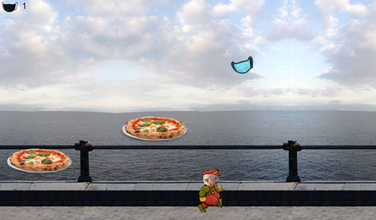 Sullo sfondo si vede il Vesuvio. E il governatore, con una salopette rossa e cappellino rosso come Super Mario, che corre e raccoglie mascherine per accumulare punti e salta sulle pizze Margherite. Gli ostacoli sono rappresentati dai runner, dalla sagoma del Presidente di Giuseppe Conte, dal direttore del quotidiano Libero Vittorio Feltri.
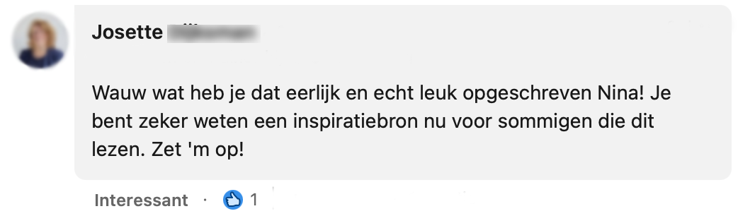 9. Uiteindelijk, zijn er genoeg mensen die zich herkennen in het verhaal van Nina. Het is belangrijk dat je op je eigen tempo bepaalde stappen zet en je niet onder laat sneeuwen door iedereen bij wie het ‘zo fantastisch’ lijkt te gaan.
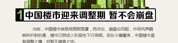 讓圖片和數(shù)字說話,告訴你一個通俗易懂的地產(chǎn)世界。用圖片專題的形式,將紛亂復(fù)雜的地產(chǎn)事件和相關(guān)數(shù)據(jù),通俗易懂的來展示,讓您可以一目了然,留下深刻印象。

YOUR GOAL →
Write out, word for word, only the lines from the one containing "9. Uiteindelijk, zijn" to the end of the data above; the pictures stay out.

EXERCISE RESPONSE →
 9. Uiteindelijk, zijn er genoeg mensen die zich herkennen in het verhaal van Nina. Het is belangrijk dat je op je eigen tempo bepaalde stappen zet en je niet onder laat sneeuwen door iedereen bij wie het ‘zo fantastisch’ lijkt te gaan.
 讓圖片和數(shù)字說話,告訴你一個通俗易懂的地產(chǎn)世界。用圖片專題的形式,將紛亂復(fù)雜的地產(chǎn)事件和相關(guān)數(shù)據(jù),通俗易懂的來展示,讓您可以一目了然,留下深刻印象。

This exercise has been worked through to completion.